Previous studies have highlighted the disparities present in the provision of upper limb services within the United States. This study aims to characterize socioeconomic disparities and regional variation in an adult population with brachial plexus injuries.


Analysis of the Healthcare Cost and Utilization Project National Inpatient Sample Database (NIS) for the years 2009-2014 was undertaken. Data for adults with a primary diagnosis of brachial plexus injury with or without nerve repair during an emergency admission were retrieved using International Classification of Diseases Clinical Modification Ninth Revision codes 3530 and 9534. Patient and hospital level characteristics in addition to concomitant injuries were analyzed and the impact on receipt of brachial plexus surgery was assessed using a multivariable binary logistic regression model. The impact of surgery on discharge status (home or supported) was also assessed.

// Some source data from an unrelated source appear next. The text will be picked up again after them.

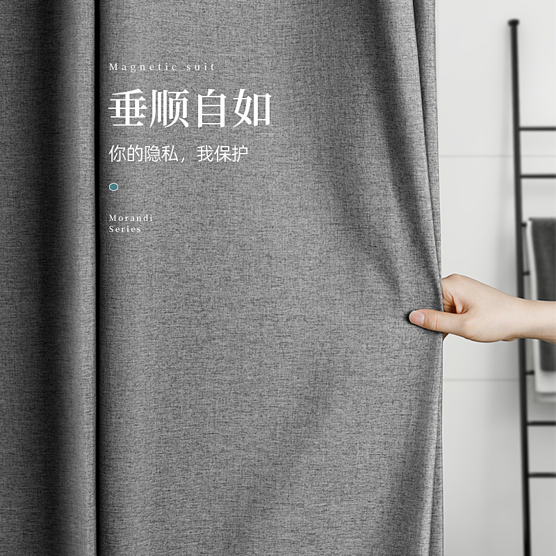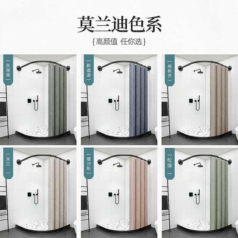 Bathroom Magnetic Waterproof Mold and Mold Curtain Toilet Dry and Humidity Separation Arc Bath Set Set with Punch-free Japan
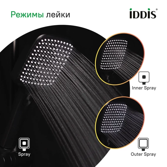 Душевая лейка IDDIS Esper ESP3FBSi18 109,9 мм, 3 режима, черный матовый
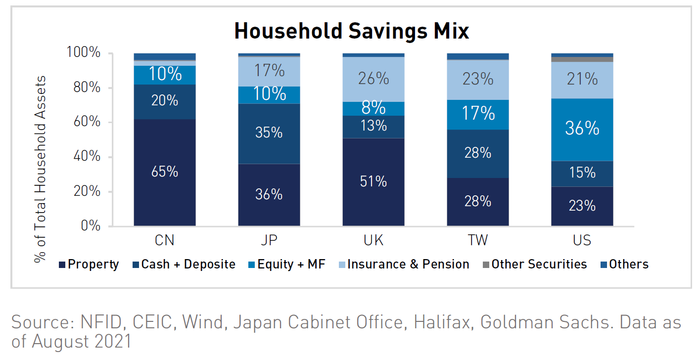 Per gli investitori cinesi, gli investimenti immobiliari costituiscono la maggior parte degli asset all’interno di un portafoglio tipo. Per quelli internazionali invece, le restrizioni all’accesso e la bassa inclusione delle A-shares negli indici globali limitano la possibilità di aumentare le allocazioni.
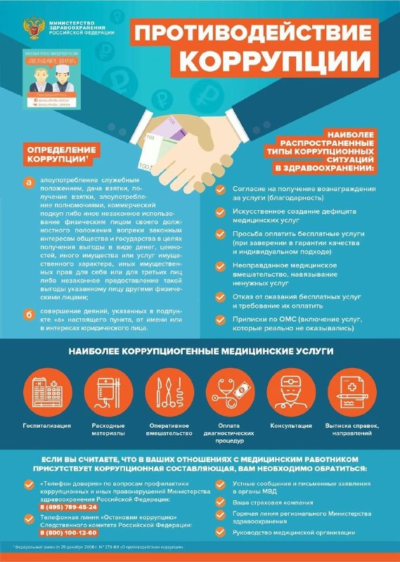 Телефон доверия по вопросам профилактики коррупционных и иных правонарушений Министерства здравоохранения Российской Федерации:
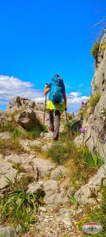Staza je idilična, serpentinasta, podzidana, a na njoj samo žuto cviće. Dolaskom na greben kreće za mene ono najlipše šta Biokovo može ponuditi...hrpa golemih kamenja. Taj dan ka za dišpet vrime je odlučilo biti najlipše ikad...imala sam osjećaj da sve promatram ka kroz neke filtere di su boje turbo nabrijane i umjetne...Majka Priroda je zbilja bila blagonaklona prema nama i toga smo baš bile svjesne
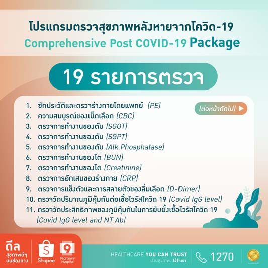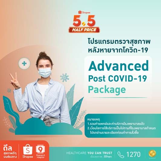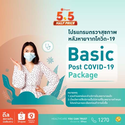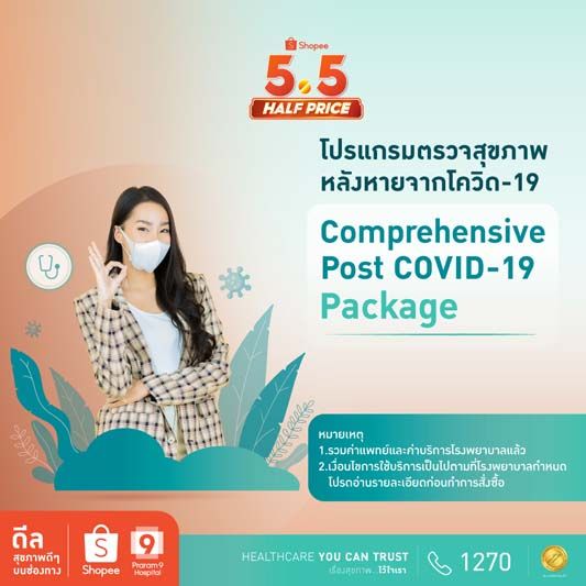 ใครเคยเป็น โควิด-19 แล้วยกมือขึ้น!!...โรงพยาบาลพระรามเก้า ร่วมมือกับ ช้อปปี้ ผู้นำแพลตฟอร์มอีคอมเมิร์ซในเอเชียตะวันออกเฉียงใต้และไต้หวัน #ยืน 1 ตัวจริงในการเป็นแพลตฟอร์มช้อปปิ้งออนไลน์ จัดแคมเปญ Shopee 5.15 Mid Month Sale ชวนผู้ที่หายจากโควิด-19 มาเช็คความแข็งแรงของร่างกาย กับ โปรแกรมตรวจสุขภาพหลังหายจากโควิด-19 เพราะถึงแม้โควิดจะหายแต่ร่างกายยังไม่เต็ม 100 ในราคาสบายกระเป๋าเริ่มเพียง 2,500 บาท ประกอบไปด้วย
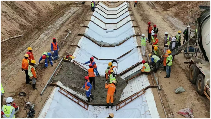当地时间4月5日,随着最后一方混凝土顺利入仓,库内内抗旱第4标段项目渠道首仓混凝土浇筑完成,标志着项目顺利由开挖转入混凝土施工的关键阶段。

Over the six-year study period, data for 5,355 cases were retrieved; of these, 494(9.2%) underwent brachial plexus surgery during their admission. Overall, a majority were white (64.8%) males (50.7%) most commonly aged 34-55 (40.1%), treated at large bed size (75.0%), non-teaching (72.0%) hospitals in the South (33.5%); 5.2% had a concomitant major orthopaedic injury. After adjustment, factors decreasing the odds of surgery were older age (35-54 years: OR 0.737, CI 0.578-0.939; 55+ years: OR 0.532, 0.376-0.754), Hispanic (OR 0.352, CI 0.205-0.604) or other non-African American racial minority (OR 0.405, CI 0.216-0.759), medium (OR 0.145, CI 0.088-0.239) or large bed size hospital (OR 0.553, CI 0.396-0.773), teaching hospital (OR 0.450, CI 0.341-0.592), and highest three income quartiles compared with the lowest (p<0.001). Patients had increased odds of having surgery if they had private insurance compared with Medicare/Medicaid (OR 1.411, CI 1.084-1.838). Results are summarized in table 1. On multivariable analysis, those undergoing brachial plexus surgery were significantly less likely to require supported discharge (OR 0.515, CI 0.350-0.759).


Results suggest that those undergoing brachial plexus nerve repair during the acute admission are more likely to be discharged home, rather than to supported care. Despite this, there are evident socioeconomic disparities in the receipt of brachial plexus surgery, particularly affecting certain racial minorities and those with government-based insurance. This may suggest a need for a centralized referral system to help improve access to more vulnerable populations.